Recorded information:
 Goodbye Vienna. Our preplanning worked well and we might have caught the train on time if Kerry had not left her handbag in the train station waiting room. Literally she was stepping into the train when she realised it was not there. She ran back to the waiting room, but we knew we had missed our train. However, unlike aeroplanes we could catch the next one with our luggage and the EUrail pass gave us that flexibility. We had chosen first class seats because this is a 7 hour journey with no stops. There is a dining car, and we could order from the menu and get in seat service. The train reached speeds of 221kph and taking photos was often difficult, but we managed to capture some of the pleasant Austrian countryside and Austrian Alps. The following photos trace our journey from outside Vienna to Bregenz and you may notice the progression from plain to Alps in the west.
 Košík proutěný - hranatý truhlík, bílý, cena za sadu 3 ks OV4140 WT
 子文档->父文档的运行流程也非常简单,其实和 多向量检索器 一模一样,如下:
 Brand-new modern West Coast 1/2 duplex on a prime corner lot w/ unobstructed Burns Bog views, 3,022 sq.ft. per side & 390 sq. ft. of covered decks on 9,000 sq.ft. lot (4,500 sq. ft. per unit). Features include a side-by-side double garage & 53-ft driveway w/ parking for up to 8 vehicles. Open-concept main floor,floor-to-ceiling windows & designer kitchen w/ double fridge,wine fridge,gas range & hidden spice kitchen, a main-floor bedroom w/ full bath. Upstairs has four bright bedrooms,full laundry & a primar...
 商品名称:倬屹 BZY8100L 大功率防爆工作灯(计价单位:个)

---

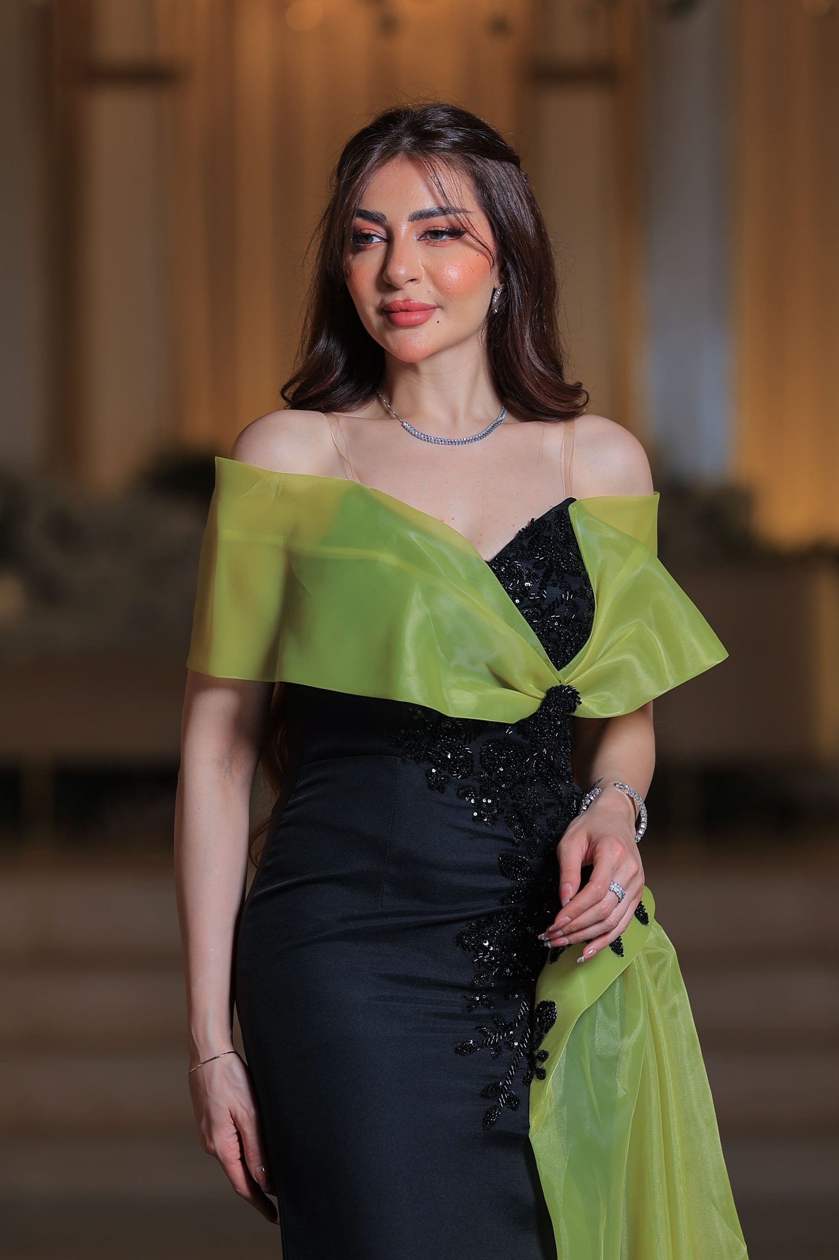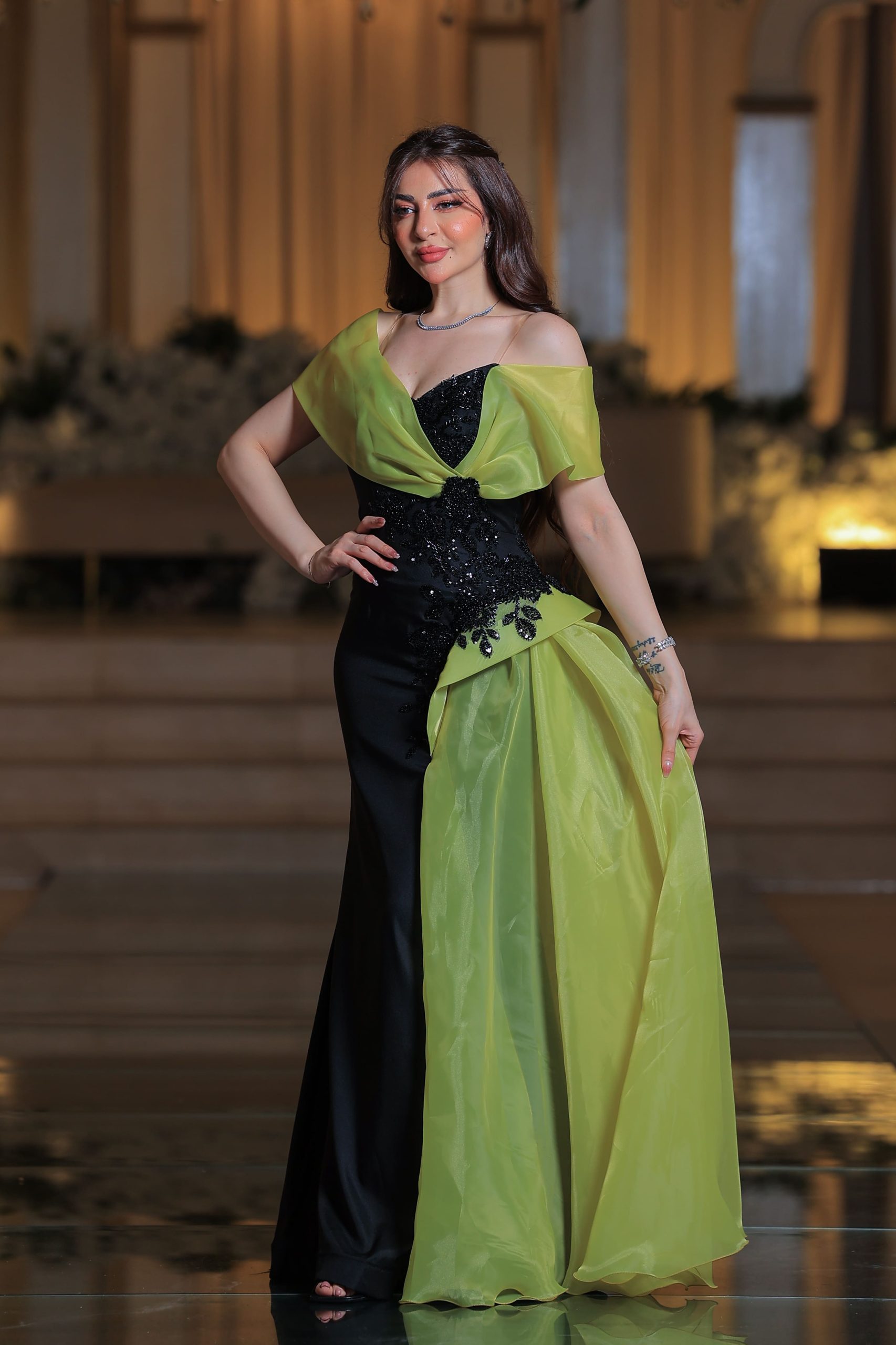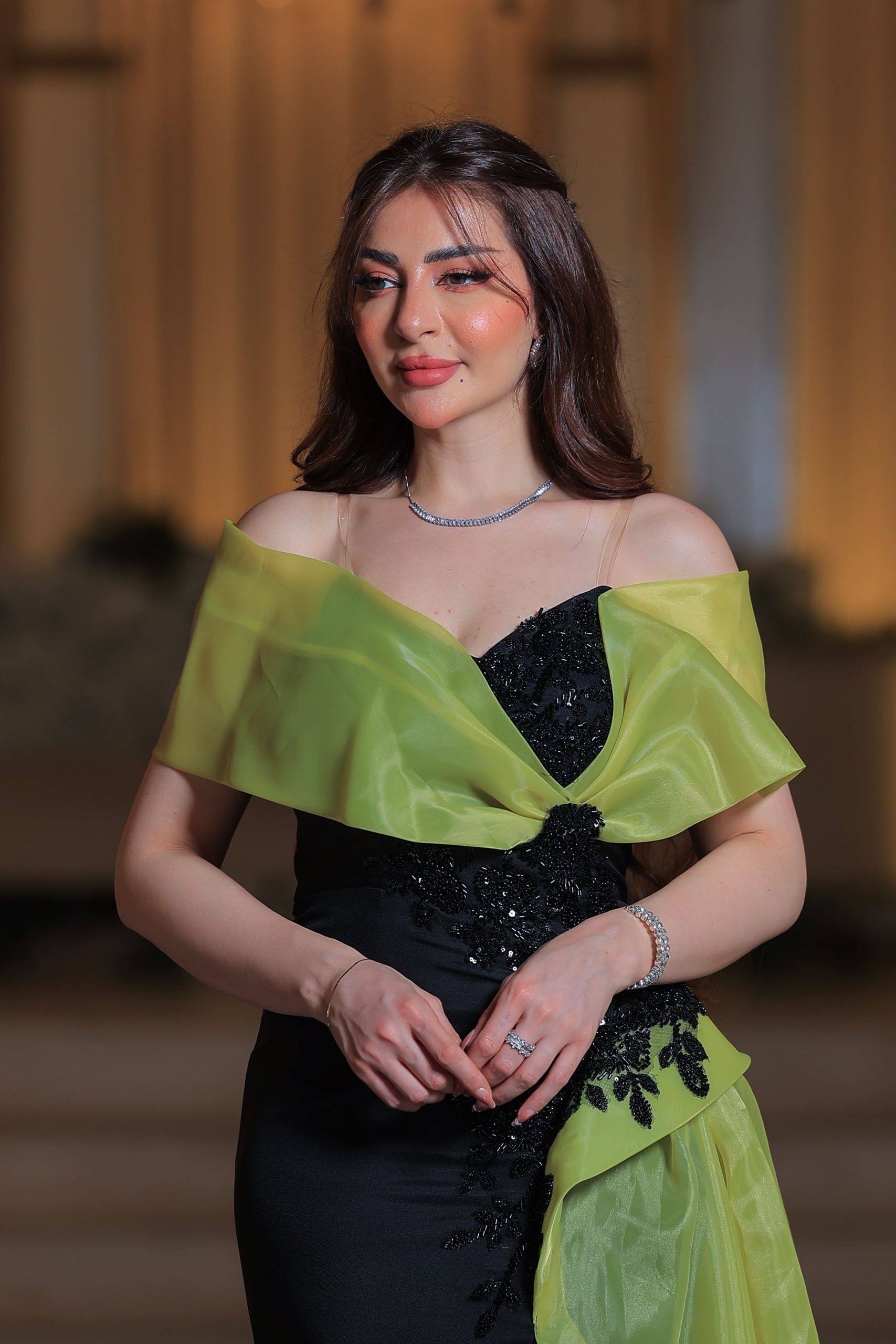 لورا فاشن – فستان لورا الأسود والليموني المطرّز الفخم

What the exercise asks:
Look back at the data above. Transcribe exactly the lines starting at the line that contains "Goodbye Vienna. Our" and ending at the line that contains "商品名称:倬屹 BZY8100L 大功率防爆工作灯(计价单位:个)".

Output for this exercise:
 Goodbye Vienna. Our preplanning worked well and we might have caught the train on time if Kerry had not left her handbag in the train station waiting room. Literally she was stepping into the train when she realised it was not there. She ran back to the waiting room, but we knew we had missed our train. However, unlike aeroplanes we could catch the next one with our luggage and the EUrail pass gave us that flexibility. We had chosen first class seats because this is a 7 hour journey with no stops. There is a dining car, and we could order from the menu and get in seat service. The train reached speeds of 221kph and taking photos was often difficult, but we managed to capture some of the pleasant Austrian countryside and Austrian Alps. The following photos trace our journey from outside Vienna to Bregenz and you may notice the progression from plain to Alps in the west.
 Košík proutěný - hranatý truhlík, bílý, cena za sadu 3 ks OV4140 WT
 子文档->父文档的运行流程也非常简单,其实和 多向量检索器 一模一样,如下:
 Brand-new modern West Coast 1/2 duplex on a prime corner lot w/ unobstructed Burns Bog views, 3,022 sq.ft. per side & 390 sq. ft. of covered decks on 9,000 sq.ft. lot (4,500 sq. ft. per unit). Features include a side-by-side double garage & 53-ft driveway w/ parking for up to 8 vehicles. Open-concept main floor,floor-to-ceiling windows & designer kitchen w/ double fridge,wine fridge,gas range & hidden spice kitchen, a main-floor bedroom w/ full bath. Upstairs has four bright bedrooms,full laundry & a primar...
 商品名称:倬屹 BZY8100L 大功率防爆工作灯(计价单位:个)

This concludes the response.